=== ABOUT THIS EXERCISE ===
Copy the records exactly, leaving out every picture.

=== DATA RECORDS ===
■ ■ ■
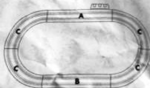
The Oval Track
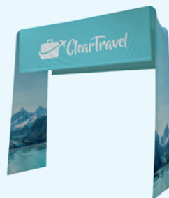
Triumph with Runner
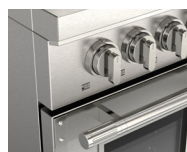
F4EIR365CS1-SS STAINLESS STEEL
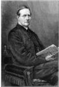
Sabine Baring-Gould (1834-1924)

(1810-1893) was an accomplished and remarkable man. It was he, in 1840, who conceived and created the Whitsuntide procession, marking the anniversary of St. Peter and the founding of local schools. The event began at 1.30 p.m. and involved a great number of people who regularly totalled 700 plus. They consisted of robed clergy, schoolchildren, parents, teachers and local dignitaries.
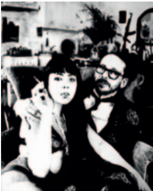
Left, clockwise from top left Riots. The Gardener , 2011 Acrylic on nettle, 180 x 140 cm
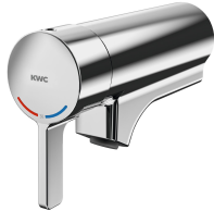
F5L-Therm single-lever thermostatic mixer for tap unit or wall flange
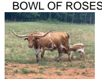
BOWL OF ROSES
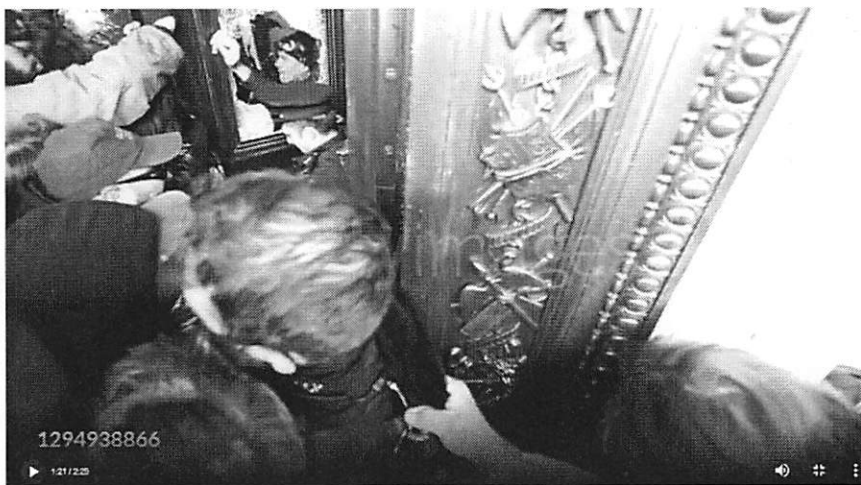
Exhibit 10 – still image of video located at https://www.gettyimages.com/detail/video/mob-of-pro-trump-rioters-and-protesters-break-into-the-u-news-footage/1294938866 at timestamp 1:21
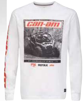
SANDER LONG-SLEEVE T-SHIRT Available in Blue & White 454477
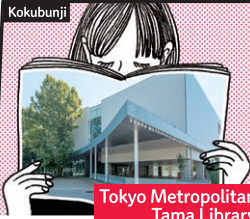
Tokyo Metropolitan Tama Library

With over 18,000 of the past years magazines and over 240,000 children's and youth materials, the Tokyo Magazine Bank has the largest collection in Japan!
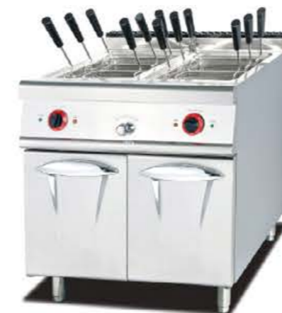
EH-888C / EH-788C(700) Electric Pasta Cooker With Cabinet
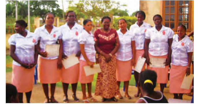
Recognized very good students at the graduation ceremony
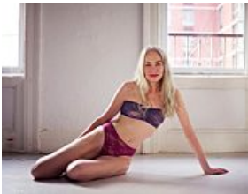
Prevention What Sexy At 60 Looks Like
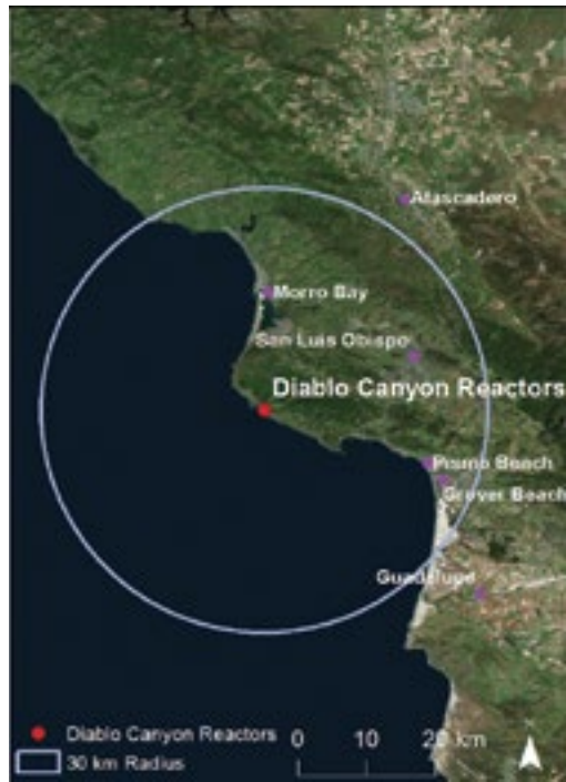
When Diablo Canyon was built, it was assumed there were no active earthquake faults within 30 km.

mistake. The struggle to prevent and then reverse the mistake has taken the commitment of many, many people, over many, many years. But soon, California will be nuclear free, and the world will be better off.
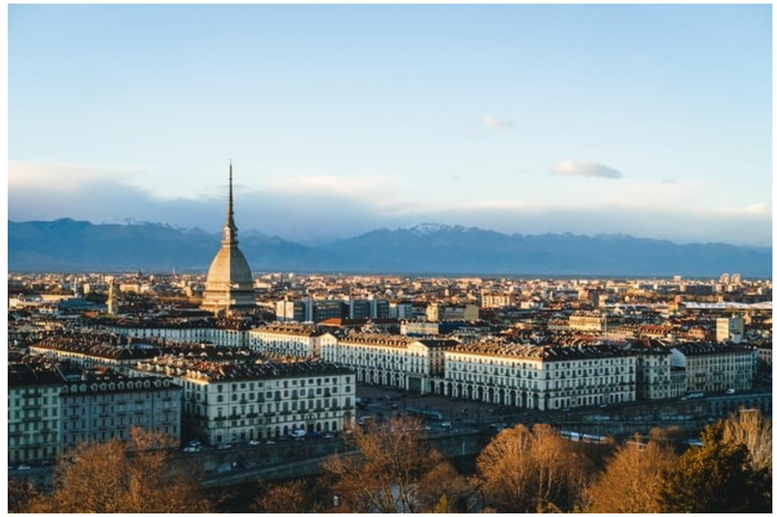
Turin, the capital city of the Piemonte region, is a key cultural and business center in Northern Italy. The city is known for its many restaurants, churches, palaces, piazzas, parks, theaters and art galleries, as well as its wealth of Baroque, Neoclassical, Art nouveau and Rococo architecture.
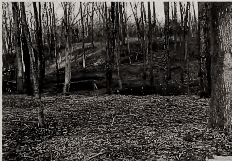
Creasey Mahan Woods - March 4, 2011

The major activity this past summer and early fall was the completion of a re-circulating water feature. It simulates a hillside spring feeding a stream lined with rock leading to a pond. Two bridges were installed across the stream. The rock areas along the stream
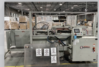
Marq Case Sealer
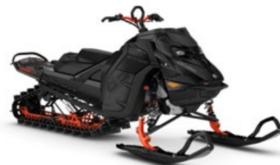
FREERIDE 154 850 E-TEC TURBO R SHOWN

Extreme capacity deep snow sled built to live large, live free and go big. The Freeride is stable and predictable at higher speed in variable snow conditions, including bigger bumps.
■ ■ ■
=== TASK RESPONSE ===
The Oval Track
Triumph with Runner
F4EIR365CS1-SS STAINLESS STEEL
Sabine Baring-Gould (1834-1924)

(1810-1893) was an accomplished and remarkable man. It was he, in 1840, who conceived and created the Whitsuntide procession, marking the anniversary of St. Peter and the founding of local schools. The event began at 1.30 p.m. and involved a great number of people who regularly totalled 700 plus. They consisted of robed clergy, schoolchildren, parents, teachers and local dignitaries.
Left, clockwise from top left Riots. The Gardener , 2011 Acrylic on nettle, 180 x 140 cm
F5L-Therm single-lever thermostatic mixer for tap unit or wall flange
BOWL OF ROSES
Exhibit 10 – still image of video located at https://www.gettyimages.com/detail/video/mob-of-pro-trump-rioters-and-protesters-break-into-the-u-news-footage/1294938866 at timestamp 1:21
SANDER LONG-SLEEVE T-SHIRT Available in Blue & White 454477
Tokyo Metropolitan Tama Library

With over 18,000 of the past years magazines and over 240,000 children's and youth materials, the Tokyo Magazine Bank has the largest collection in Japan!
EH-888C / EH-788C(700) Electric Pasta Cooker With Cabinet
Recognized very good students at the graduation ceremony
Prevention What Sexy At 60 Looks Like
When Diablo Canyon was built, it was assumed there were no active earthquake faults within 30 km.

mistake. The struggle to prevent and then reverse the mistake has taken the commitment of many, many people, over many, many years. But soon, California will be nuclear free, and the world will be better off.
Turin, the capital city of the Piemonte region, is a key cultural and business center in Northern Italy. The city is known for its many restaurants, churches, palaces, piazzas, parks, theaters and art galleries, as well as its wealth of Baroque, Neoclassical, Art nouveau and Rococo architecture.
Creasey Mahan Woods - March 4, 2011

The major activity this past summer and early fall was the completion of a re-circulating water feature. It simulates a hillside spring feeding a stream lined with rock leading to a pond. Two bridges were installed across the stream. The rock areas along the stream
Marq Case Sealer
FREERIDE 154 850 E-TEC TURBO R SHOWN

Extreme capacity deep snow sled built to live large, live free and go big. The Freeride is stable and predictable at higher speed in variable snow conditions, including bigger bumps.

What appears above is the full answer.